Martin Sorrell earned less than half of a potential $313,736 cash bonus for his performance at the helm of S4 Capital, the holding company behind MediaMonks, during 2022.
The company’s annual report out reveals that the S4 leadership fell short on a number of measures that make up the annual bonus package set by the company’s remuneration committee for the year to 31 December 2022.
Notably, the committee decided none of the targets for improving integration within S4 had been met. MediaMonks has been built through regular acquisitions of agencies around the world since 2018, and the leadership team’s 2022 targets were to:
- Unify business processes to improve efficiency and further enhance the 'one S4 Capital' approach;
- Identify and manage execution of opportunities to integrate the S4 Group’s physical presence; and
- Work as an integrated team to identify and execute opportunities to grow the top line.
To tackle that issue, in August 2022 S4 promoted Chris Martin to chief operating officer to scale its organisational structure and processes and appointed Colin Day as a non-executive director to strengthen its financial control, risk and governance processes.
Sorrell admitted to Campaign in January that achieving the vision of a single P&L “is not easy”, during an interview in which he predicted 2023 would be a “tougher” year for the ad industry.
Although S4’s executive team missed their integration targets this year they did hit all of them in the 2021 financial year. This formed part of a better performance against overall bonus targets than in 2022 (57.5% versus 40%).
In preceding years Sorrell performed even better on his overall bonus targets, ranging from a 100% payout in 2018 to 75% in 2020.

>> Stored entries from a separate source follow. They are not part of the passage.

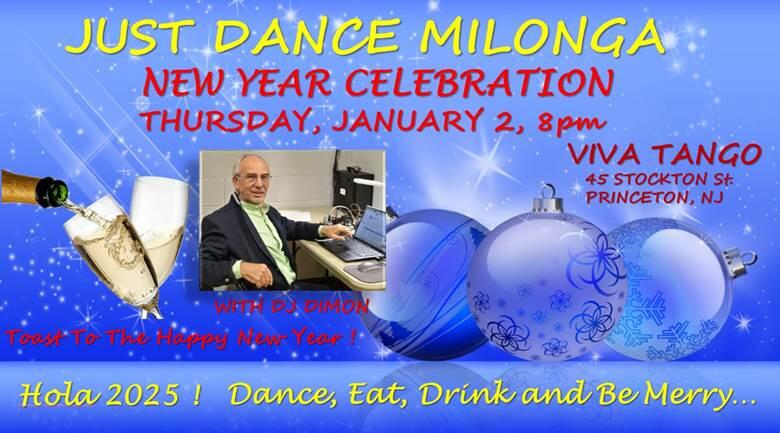 JUST DANCE, eat, drink and be merry with your friends at Viva Tango. We will have Holiday snacks and sparkling wine to toast the New 2025. And of course, DJ DimOn will play his festive tandas and cortinas all evening long. Come and celebrate the New Year 2025 with us. Note, we start at 8:00 pm, no lesson, performance, or live music – Just Dance!
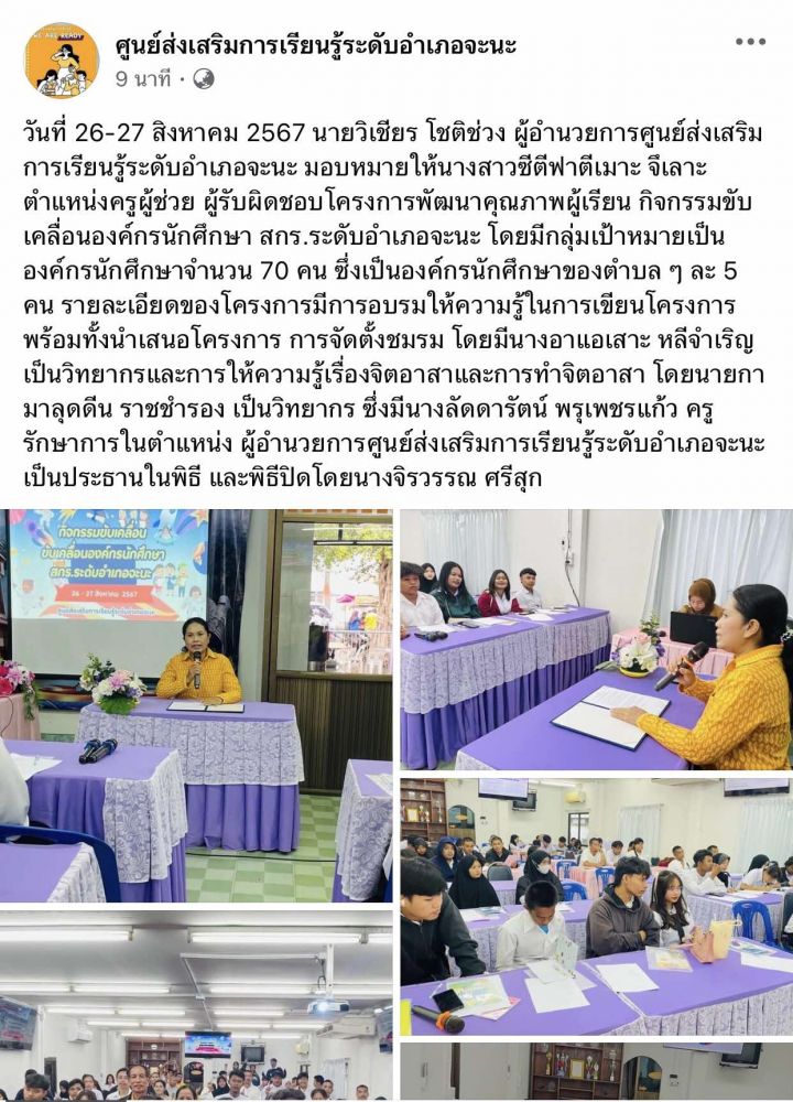 นางจีรวรรณ์ ปัตตะพัฒน์ ผู้อำนวยการศูนย์ส่งเสริมการเรียนรู้ระดับอำเภอจะนะ เข้าร่วมประชุมรับนโยบายและแนวทางการดำเนินงานส่งเสริมการเรียนรู้ ประจำปีงบประมาณ พ.ศ. 2569 พร้อมทั้งคณะบุคลากรสำนักงานส่งเสริมการเรียนรู้ประจำจังหวัดสงขลา ร่วมรับฟังนโยบายและแนวทางการ 7 / ต.ค. / 2568
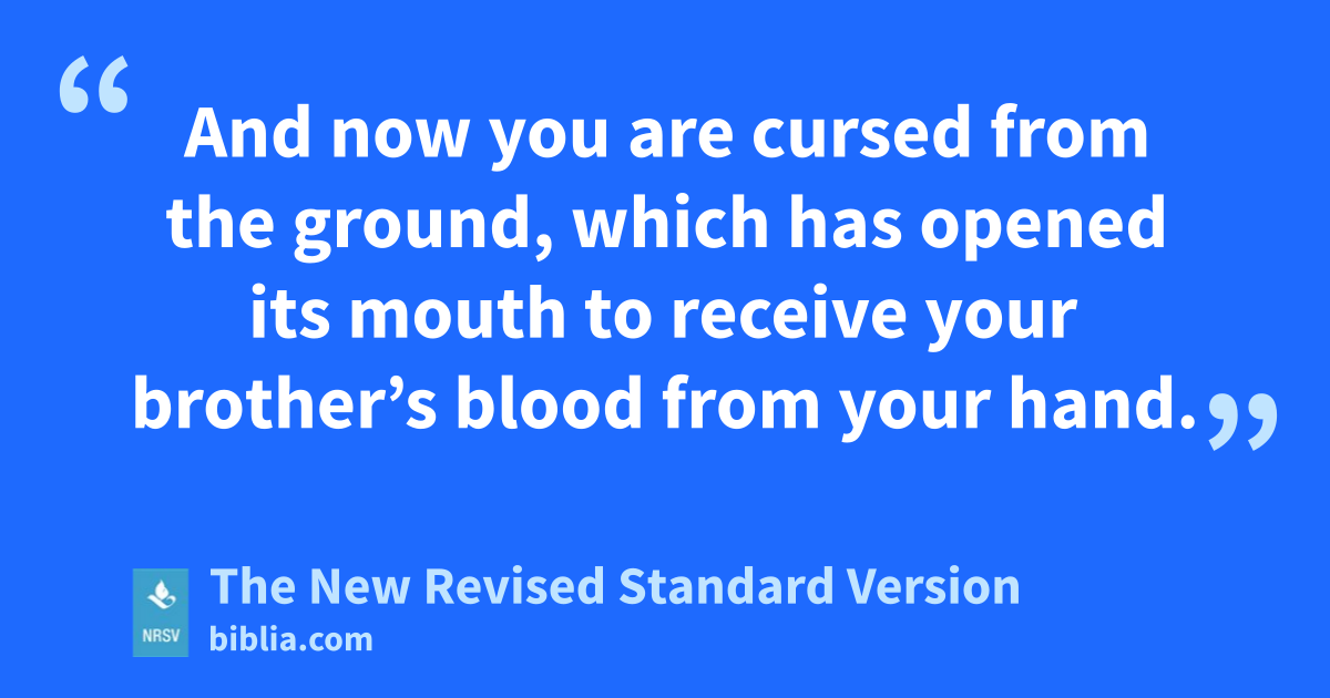 And now you are cursed from the ground, which has opened its mouth to receive your brother’s blood from your hand.
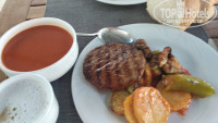 Отдыхали с мужем в июле.Номер был с видом на горы на 4-м этаже с балконом.Номер достаточно чистый и комфортный,все необходимое в номере имелось.Уборка каждый день.Если едете с детками и ложитесь рано спать,номер с видом на бассейн лучше не брать,так как дискотека и анимации заканчиваются в половине одиннадцатого,но молодежь ещё продолжает сидеть.Еды было достаточно,мясо,овощи,фрукты,сладкое.Я за неделю все так и не успела попробовать.Персонал в ресторане очень отзывчивый.Видно,что ребята стараются и всячески пытаются угодить.В баре у бассейна есть кальян,за 25 лир,не рекомендую.Зря потратите деньги.Лучше покурить хороший кальян на набережной.В гостиннице находится каждый день и сам ее владелец,который так же общается с гостями,переживает чтобы все понравилось.В общем, впечатления остались приятные.
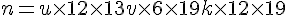 n = u*12*13 + v*6*19 + k*12*19 avec u,v,k appartenant à Z.
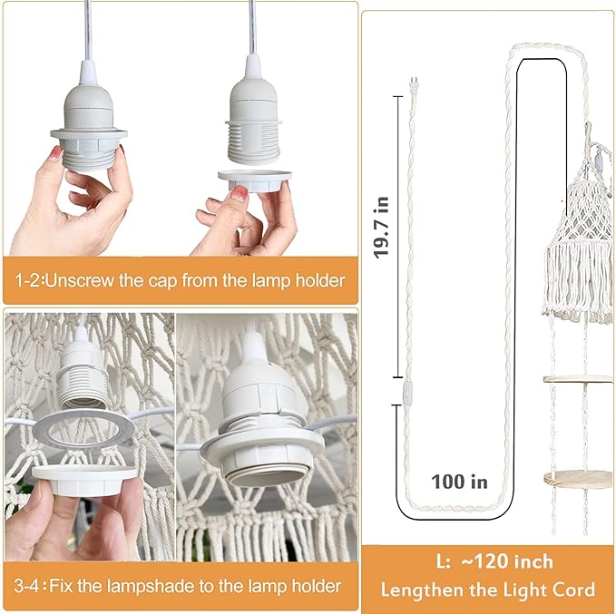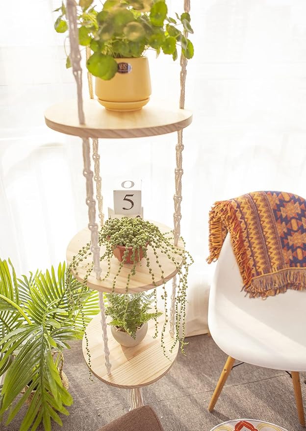 Macrame Plant Hanger Shelf Hanging Rope Shelf Indoor with Boho Lamp Shade 3 Tier Floating Round Shelves Decorative Shelf Flower Pot Holder Planter Display Rack Boho Home Decor-1 Set

Deteriorating profit measure hits exec pockets
However, 2022 was the second year running that the leadership group fell short on both EBITDA and diversity targets.
In both years the target EBITDA margin was 20% of gross profit, but actual performance came in at 18.4% in 2021 and just 13.9% in 2022.
This meant that executives, who include Sorrell’s right-hand man Scott Spirit, missed out an EBITDA bonus worth 35% of their individual salaries.
However, they did earn another bonus worth the same amount by hitting the 25% like-for-like revenue growth target.
This helped grow the cash bonuses earned by original MediaMonks founders Victor Knaap and Wesley ter Haar, for example, to $92865 – 40% of their $225890 salaries.
According to S4 remuneration committee chairman Paul Roy, the annual bonuses and salaries on offer to its top executives are below typical market level, because of its emphasis on reward through long-term share ownership.
“Many of the executive directors are significant shareowners and the [S4 directors remuneration policy] is designed with this in mind. There are also significant levels of share ownership among the wider employee base,” Roy wrote in the annual report.
Sorrell, who owns 9.4% of S4 Capital, is additionally rewarded through special incentive shares that entitle him to 15% of the total uplift in the company’s value above an annual compound rate of 6% between 2018 and 2023.
Back in September 2021, albeit when S4’s share price was much higher, Campaign calculated that Sorrell’s incentive shares could generate a $500m windfall. However, since then the share price has since dropped by around 75%, making that a much tougher ask.
Sorrell’s annual remuneration was greatly improved this year, thanks in great part to the remuneration committee agreeing a year ago to boost his base pay from $125,494 to $313,736 “as a fairer reflection of the contribution that Sir Martin makes to S4 Capital’s success”.
He received a total package of $638,767, which was over double his 2021 total of $254,753, although that was impacted by him not taking his 2021 bonus. Spirit, who is the only other holder of special incentive shares, received a total package of $633,747, up from $426,681 in 2021.
Sorrell and his fellow executives’ base pay for 2023 has not yet been finalised, according to the annual report, but his pension provision has been reduced from 30% of basic salary to 4% to bring it into line with that available to the majority of UK employees.
Diversity targets not fully met
S4’s leadership was also incentivised to make the company more diverse, via a maximum potential bonus of 7.5% of salary in 2022, which has grown in emphasis from 5% in 2021.
However, the actual bonus distributed in 2022 was 2.5%, a third of the potential level, reflecting that women made up 40% of S4 leadership but less than the 50% target and that there was limited progress in achieving S4’s goal of 13% black representation in the US (it said its US operations improved to 6% black representation in 2022).
The actual bonus in 2021 was 2.5%, half the potential payout, with the committee welcoming continued expansion of DEI education and hiring programmes and the company’s 49% women / 51% men global split, but commenting it had more to do on senior female and black representation.
The bonuses awarded to staff below board level are partly linked to the executive targets and partly based on personal targets, according to an S4 Capital spokesperson. The total sum paid out in bonuses to these employees was not disclosed.